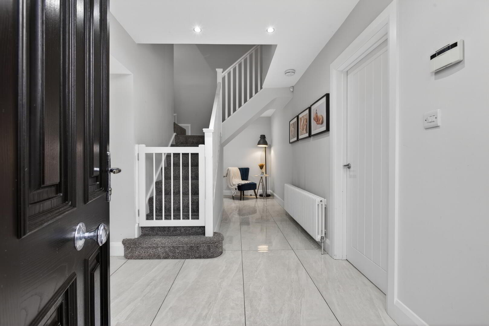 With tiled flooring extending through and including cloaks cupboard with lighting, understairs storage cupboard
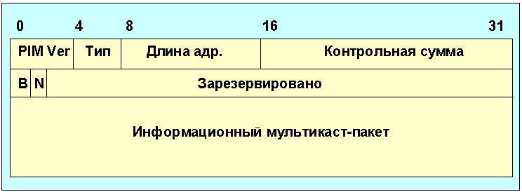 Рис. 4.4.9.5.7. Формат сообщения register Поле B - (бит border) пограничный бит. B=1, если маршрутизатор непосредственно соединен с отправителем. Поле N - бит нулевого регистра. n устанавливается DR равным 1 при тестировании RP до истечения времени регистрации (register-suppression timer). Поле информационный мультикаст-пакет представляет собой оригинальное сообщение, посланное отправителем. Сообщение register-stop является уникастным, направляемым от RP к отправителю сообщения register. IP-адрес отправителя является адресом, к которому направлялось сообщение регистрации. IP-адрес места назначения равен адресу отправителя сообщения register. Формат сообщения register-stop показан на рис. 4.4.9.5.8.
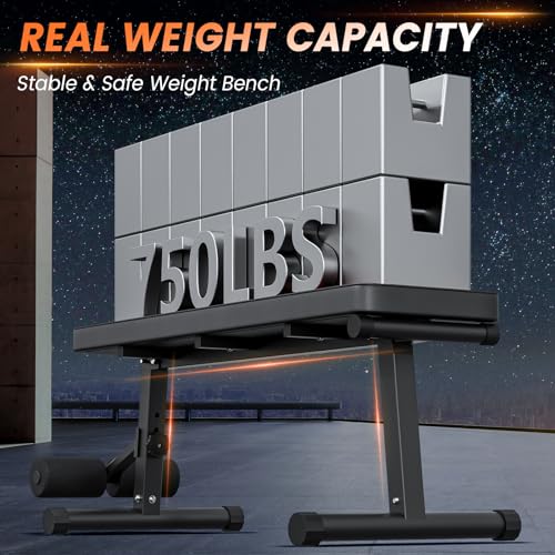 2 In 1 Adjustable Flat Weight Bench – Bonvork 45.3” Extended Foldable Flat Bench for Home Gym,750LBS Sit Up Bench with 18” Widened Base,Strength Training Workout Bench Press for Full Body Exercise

^^^^^^^^^^^^^^^^

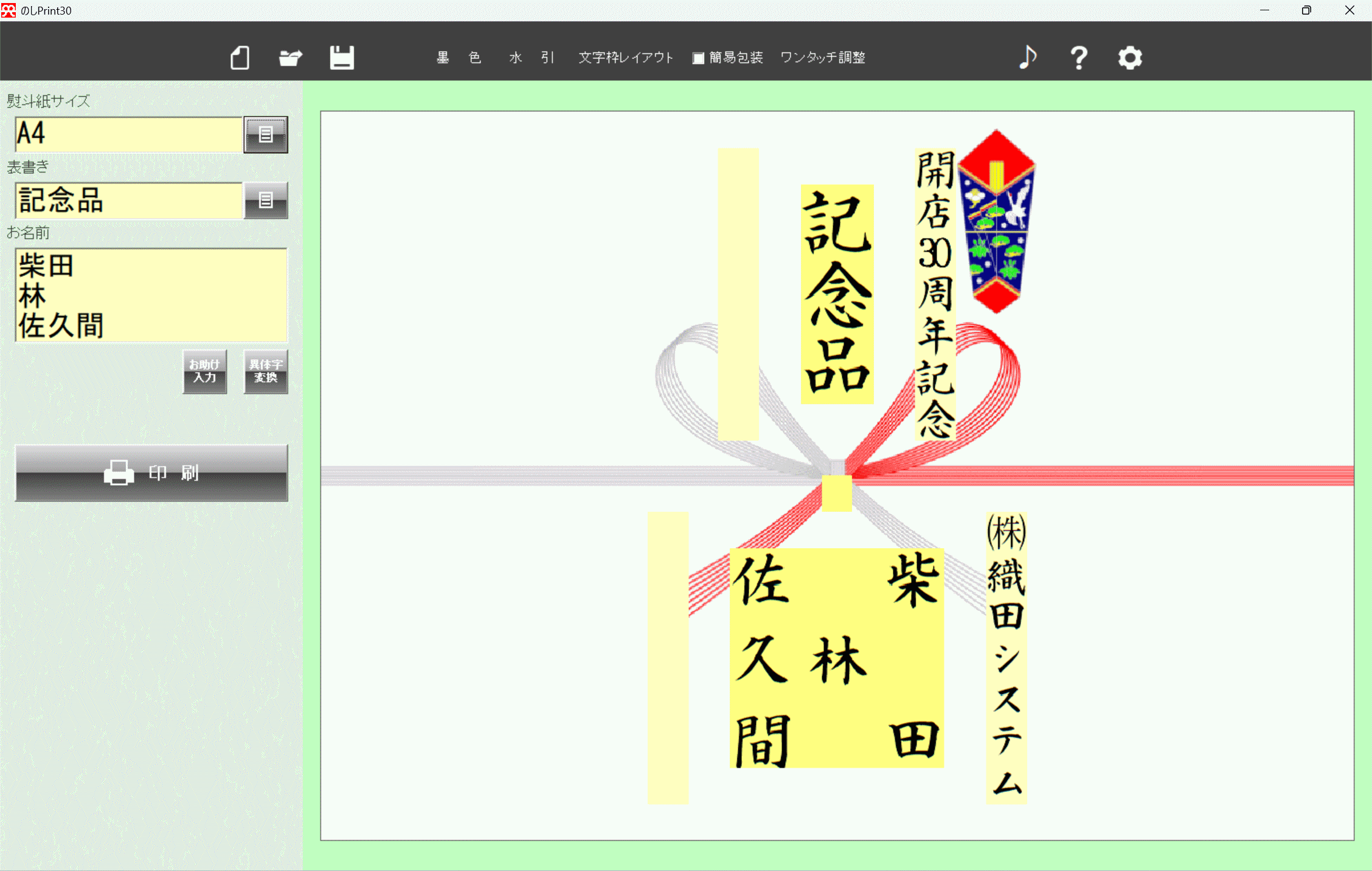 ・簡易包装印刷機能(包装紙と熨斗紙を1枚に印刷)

^^^^^^^^^^^^^^^^

**ACTIVITY:**
Return word for word the lines of the listing above, starting at the line with "Рис. 4.4.9.5.7. Формат" and ending at the line with "2 In 1 Adjustable", both included. Pictures do not belong in the copy.

**SOLUTION TO THIS PROBLEM:**
 Рис. 4.4.9.5.7. Формат сообщения register Поле B - (бит border) пограничный бит. B=1, если маршрутизатор непосредственно соединен с отправителем. Поле N - бит нулевого регистра. n устанавливается DR равным 1 при тестировании RP до истечения времени регистрации (register-suppression timer). Поле информационный мультикаст-пакет представляет собой оригинальное сообщение, посланное отправителем. Сообщение register-stop является уникастным, направляемым от RP к отправителю сообщения register. IP-адрес отправителя является адресом, к которому направлялось сообщение регистрации. IP-адрес места назначения равен адресу отправителя сообщения register. Формат сообщения register-stop показан на рис. 4.4.9.5.8.
 2 In 1 Adjustable Flat Weight Bench – Bonvork 45.3” Extended Foldable Flat Bench for Home Gym,750LBS Sit Up Bench with 18” Widened Base,Strength Training Workout Bench Press for Full Body Exercise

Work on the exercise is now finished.